Problem to work on.
Take from the entries below the stretch from the line with "Ha valaki (pl" through the line with "Jameson Garcia Natural", and return it exactly, leaving the pictures out.

Given entries.
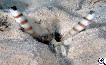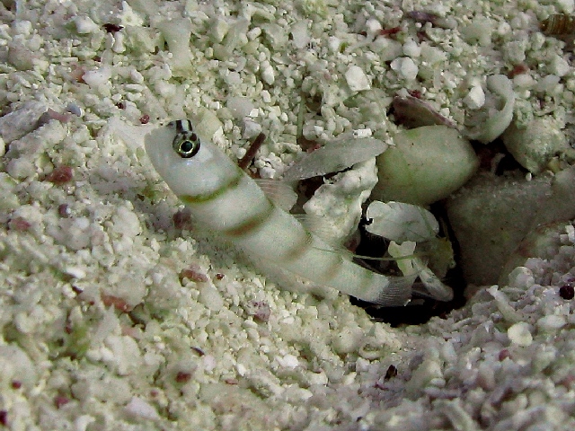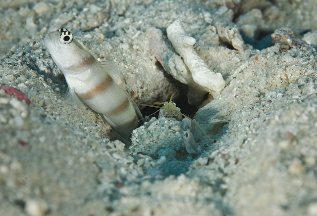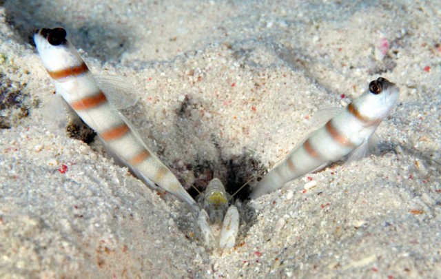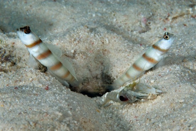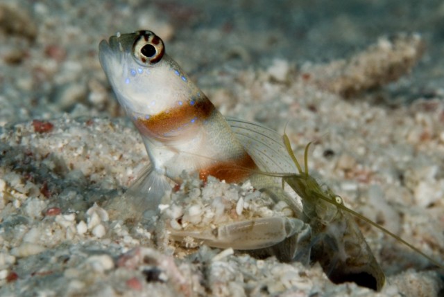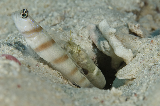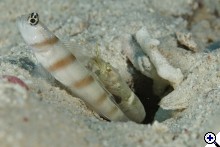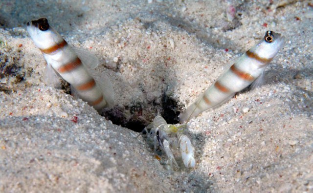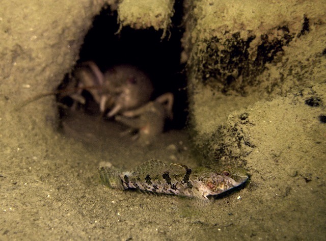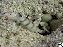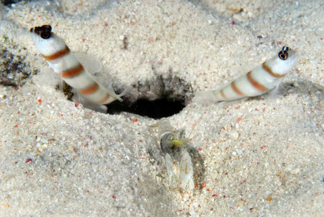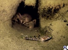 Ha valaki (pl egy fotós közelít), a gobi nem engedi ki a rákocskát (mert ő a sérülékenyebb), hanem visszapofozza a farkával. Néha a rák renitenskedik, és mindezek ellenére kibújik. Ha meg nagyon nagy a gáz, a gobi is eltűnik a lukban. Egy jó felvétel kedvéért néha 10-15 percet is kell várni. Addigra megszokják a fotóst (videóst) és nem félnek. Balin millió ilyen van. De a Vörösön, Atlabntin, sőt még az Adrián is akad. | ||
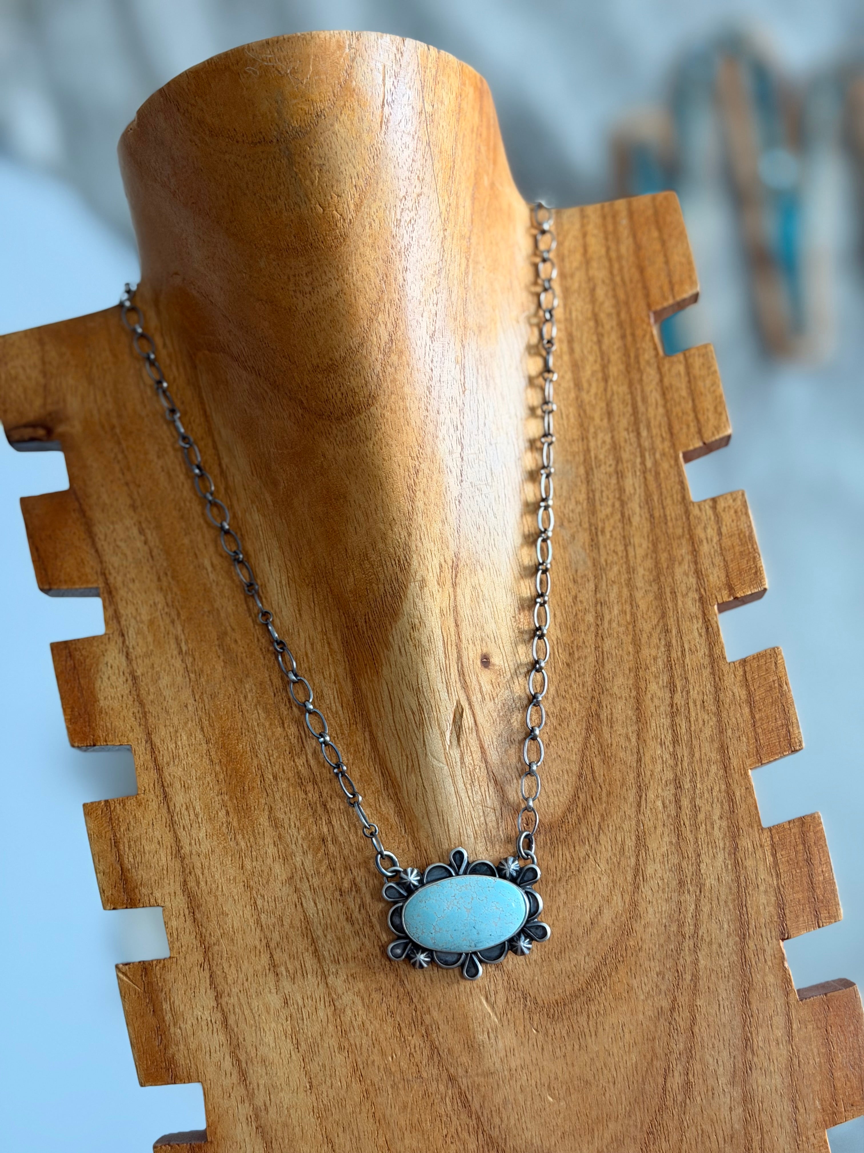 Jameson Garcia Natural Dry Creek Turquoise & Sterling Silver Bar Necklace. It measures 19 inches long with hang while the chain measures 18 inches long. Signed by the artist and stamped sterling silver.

---

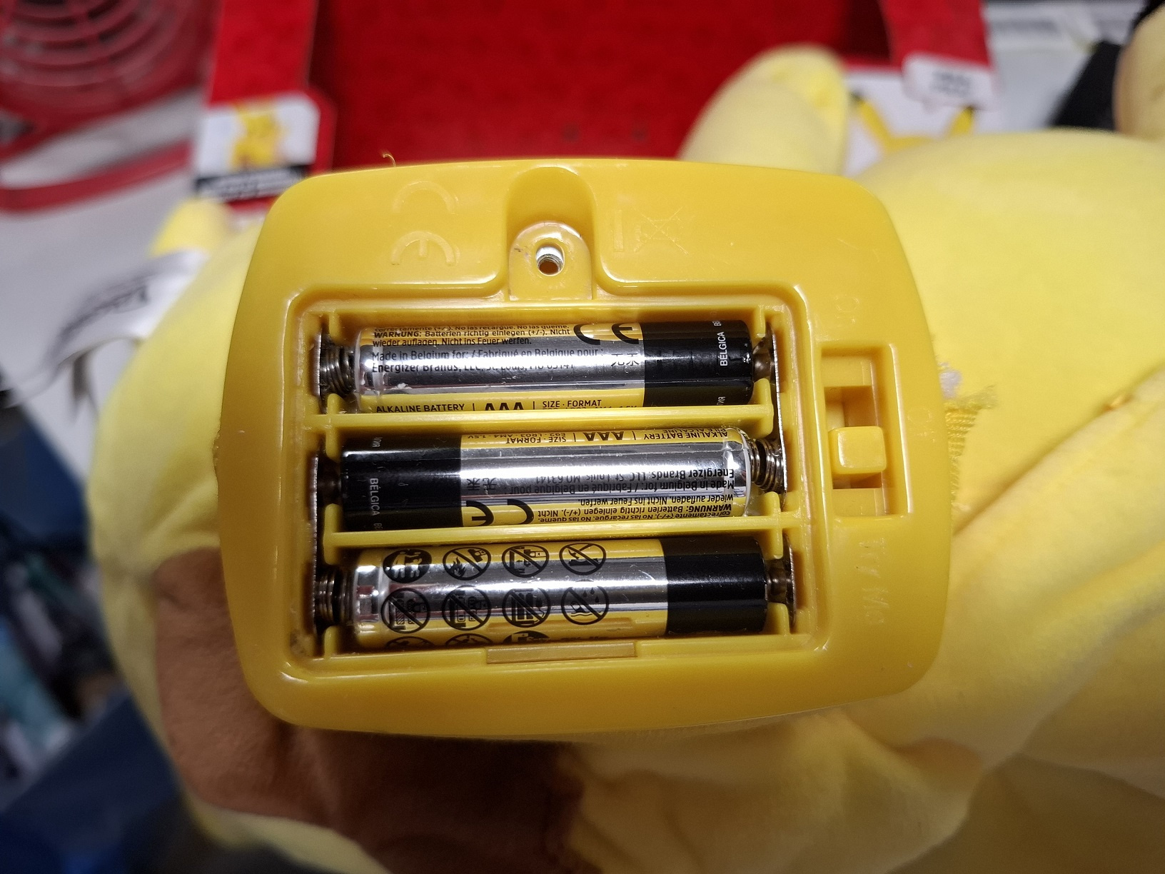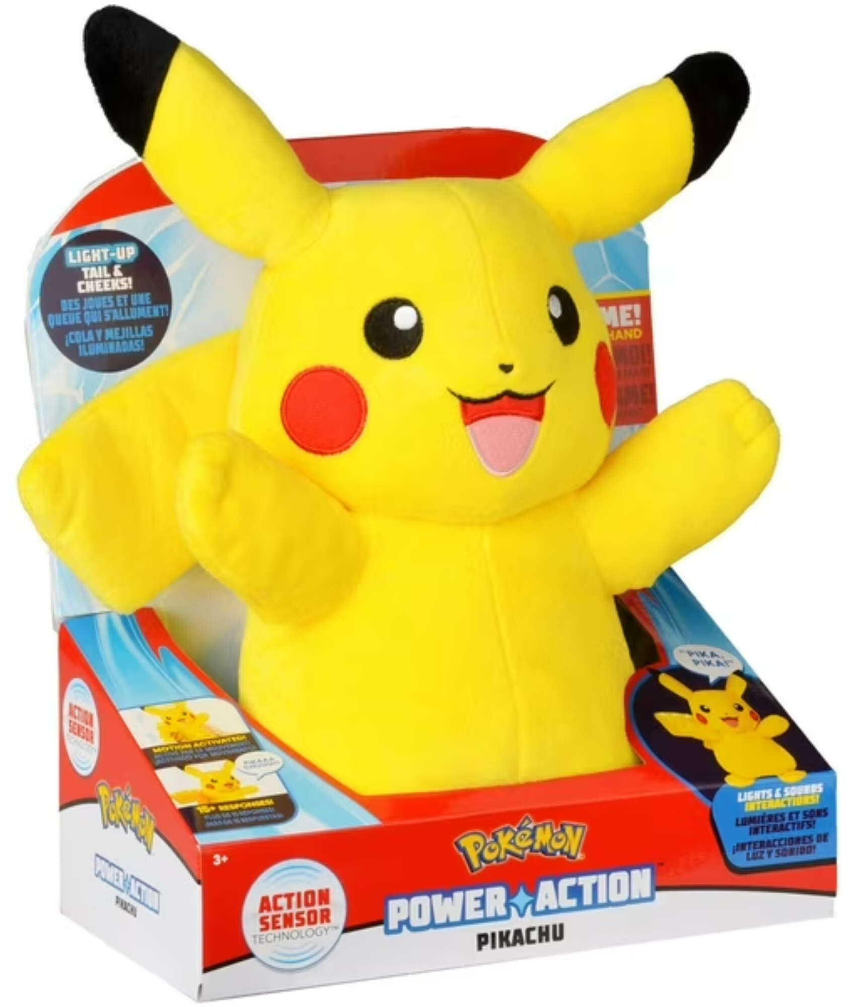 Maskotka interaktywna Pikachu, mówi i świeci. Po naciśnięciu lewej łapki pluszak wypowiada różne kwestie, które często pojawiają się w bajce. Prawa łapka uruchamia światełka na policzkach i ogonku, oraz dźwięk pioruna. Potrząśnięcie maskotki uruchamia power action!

Result for this task.
 Ha valaki (pl egy fotós közelít), a gobi nem engedi ki a rákocskát (mert ő a sérülékenyebb), hanem visszapofozza a farkával. Néha a rák renitenskedik, és mindezek ellenére kibújik. Ha meg nagyon nagy a gáz, a gobi is eltűnik a lukban. Egy jó felvétel kedvéért néha 10-15 percet is kell várni. Addigra megszokják a fotóst (videóst) és nem félnek. Balin millió ilyen van. De a Vörösön, Atlabntin, sőt még az Adrián is akad. | ||
 Jameson Garcia Natural Dry Creek Turquoise & Sterling Silver Bar Necklace. It measures 19 inches long with hang while the chain measures 18 inches long. Signed by the artist and stamped sterling silver.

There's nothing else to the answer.